§ **ABOUT THIS TASK**
Starting with the first line of the data below, copy each line up to and including the one containing "Shineful All Season". Pictures stay out.

§ **RECORDS FOR THIS TASK**
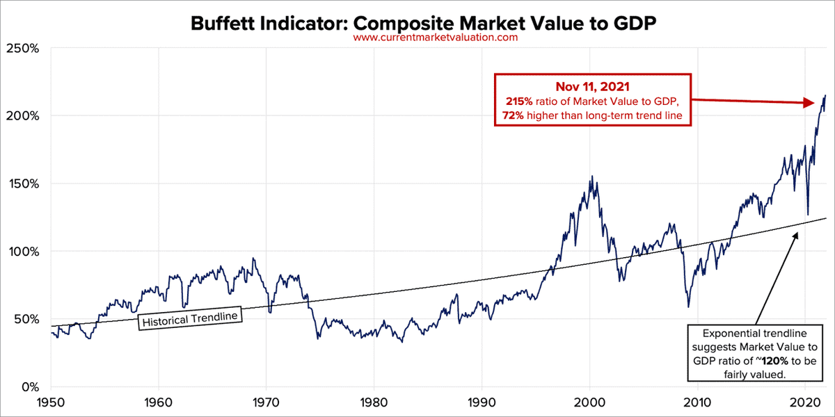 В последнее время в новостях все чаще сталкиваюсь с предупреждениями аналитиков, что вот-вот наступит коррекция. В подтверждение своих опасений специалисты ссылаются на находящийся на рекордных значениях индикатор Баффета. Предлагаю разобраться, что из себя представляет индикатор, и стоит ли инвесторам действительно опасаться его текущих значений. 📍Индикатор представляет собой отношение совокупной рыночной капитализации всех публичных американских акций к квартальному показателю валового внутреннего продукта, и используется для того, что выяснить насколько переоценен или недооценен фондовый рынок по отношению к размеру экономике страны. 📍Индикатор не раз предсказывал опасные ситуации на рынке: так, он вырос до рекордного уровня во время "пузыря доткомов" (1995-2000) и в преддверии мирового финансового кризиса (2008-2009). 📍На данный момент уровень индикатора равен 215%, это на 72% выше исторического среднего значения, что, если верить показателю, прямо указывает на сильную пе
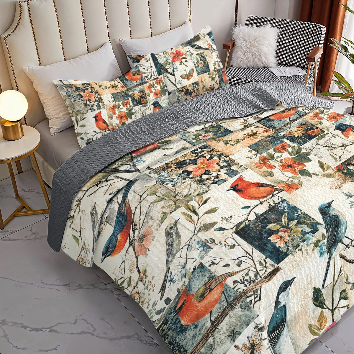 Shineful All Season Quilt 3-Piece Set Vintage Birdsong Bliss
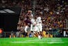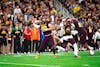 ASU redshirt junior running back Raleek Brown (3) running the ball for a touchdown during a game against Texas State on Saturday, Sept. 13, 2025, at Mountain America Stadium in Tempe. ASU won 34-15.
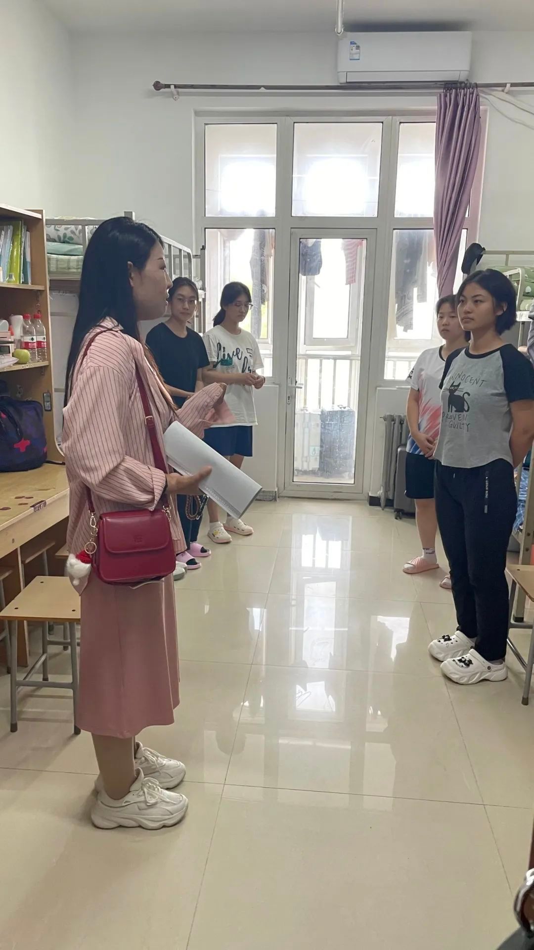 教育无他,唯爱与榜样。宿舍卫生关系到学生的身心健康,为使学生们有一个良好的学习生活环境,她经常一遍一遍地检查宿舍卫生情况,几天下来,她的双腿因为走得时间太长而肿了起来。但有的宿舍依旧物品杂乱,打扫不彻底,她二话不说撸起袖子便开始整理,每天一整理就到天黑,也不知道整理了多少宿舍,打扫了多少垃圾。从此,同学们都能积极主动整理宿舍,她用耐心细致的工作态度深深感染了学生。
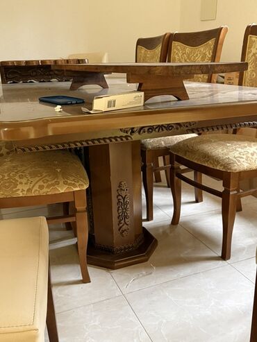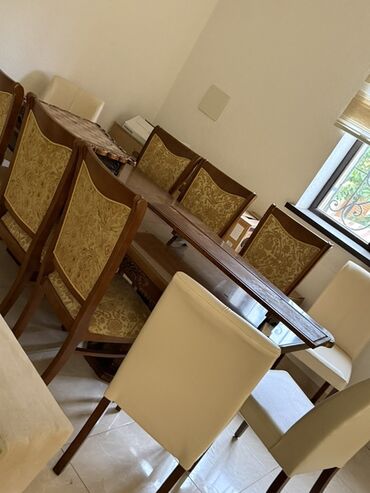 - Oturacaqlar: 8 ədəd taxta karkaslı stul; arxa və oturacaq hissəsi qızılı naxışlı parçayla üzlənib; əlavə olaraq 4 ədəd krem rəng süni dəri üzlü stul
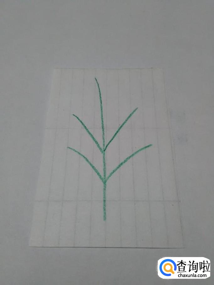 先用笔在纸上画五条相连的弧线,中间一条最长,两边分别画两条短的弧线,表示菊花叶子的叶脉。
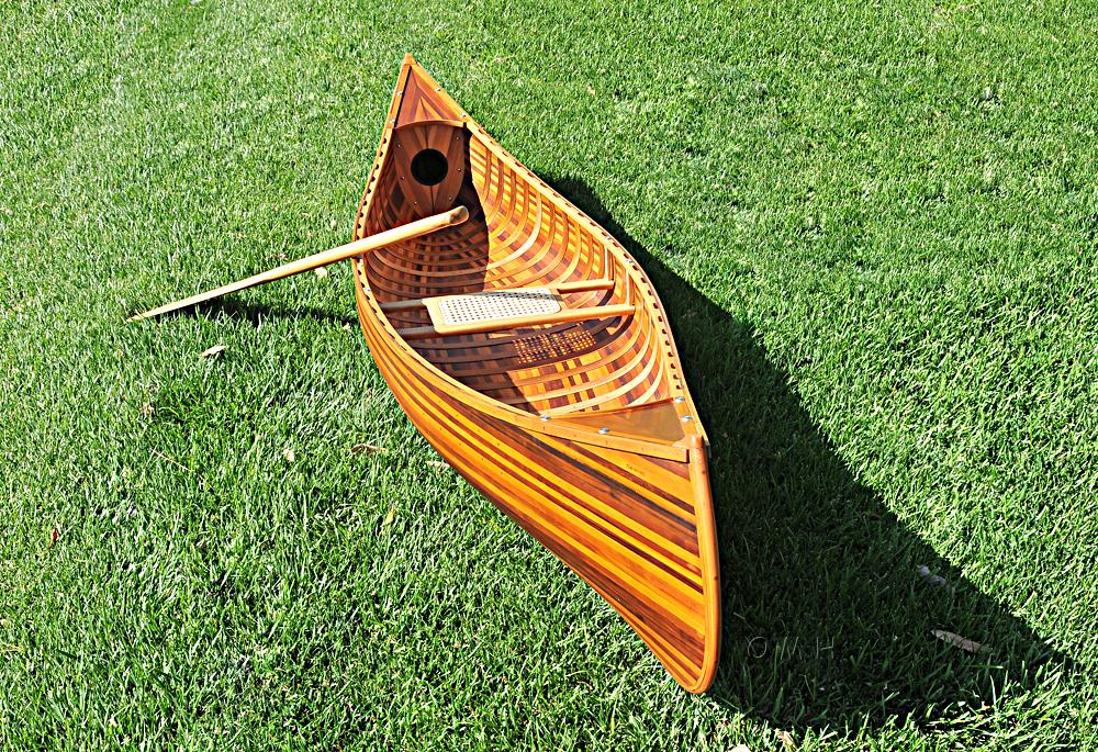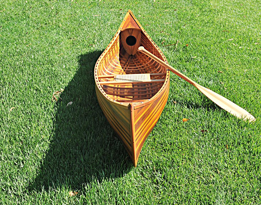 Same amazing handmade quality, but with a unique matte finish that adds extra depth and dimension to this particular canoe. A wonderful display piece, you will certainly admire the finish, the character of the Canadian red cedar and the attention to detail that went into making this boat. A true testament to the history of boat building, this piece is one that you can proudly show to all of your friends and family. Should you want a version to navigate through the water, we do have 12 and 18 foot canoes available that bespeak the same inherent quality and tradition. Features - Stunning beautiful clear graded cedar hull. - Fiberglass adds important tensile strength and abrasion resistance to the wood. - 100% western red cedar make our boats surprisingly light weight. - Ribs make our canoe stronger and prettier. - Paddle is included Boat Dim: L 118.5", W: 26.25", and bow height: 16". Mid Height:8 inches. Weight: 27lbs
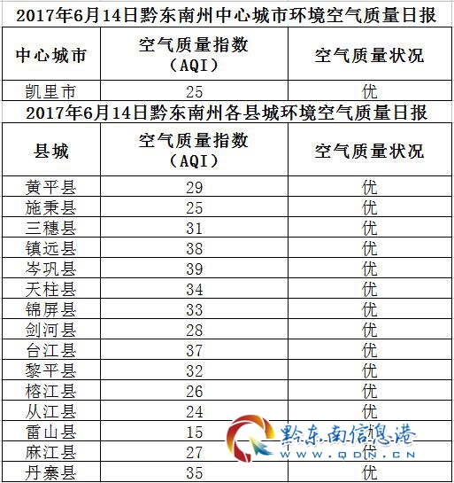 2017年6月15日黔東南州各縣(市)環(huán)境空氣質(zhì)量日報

§ **ANSWER**
 В последнее время в новостях все чаще сталкиваюсь с предупреждениями аналитиков, что вот-вот наступит коррекция. В подтверждение своих опасений специалисты ссылаются на находящийся на рекордных значениях индикатор Баффета. Предлагаю разобраться, что из себя представляет индикатор, и стоит ли инвесторам действительно опасаться его текущих значений. 📍Индикатор представляет собой отношение совокупной рыночной капитализации всех публичных американских акций к квартальному показателю валового внутреннего продукта, и используется для того, что выяснить насколько переоценен или недооценен фондовый рынок по отношению к размеру экономике страны. 📍Индикатор не раз предсказывал опасные ситуации на рынке: так, он вырос до рекордного уровня во время "пузыря доткомов" (1995-2000) и в преддверии мирового финансового кризиса (2008-2009). 📍На данный момент уровень индикатора равен 215%, это на 72% выше исторического среднего значения, что, если верить показателю, прямо указывает на сильную пе
 Shineful All Season Quilt 3-Piece Set Vintage Birdsong Bliss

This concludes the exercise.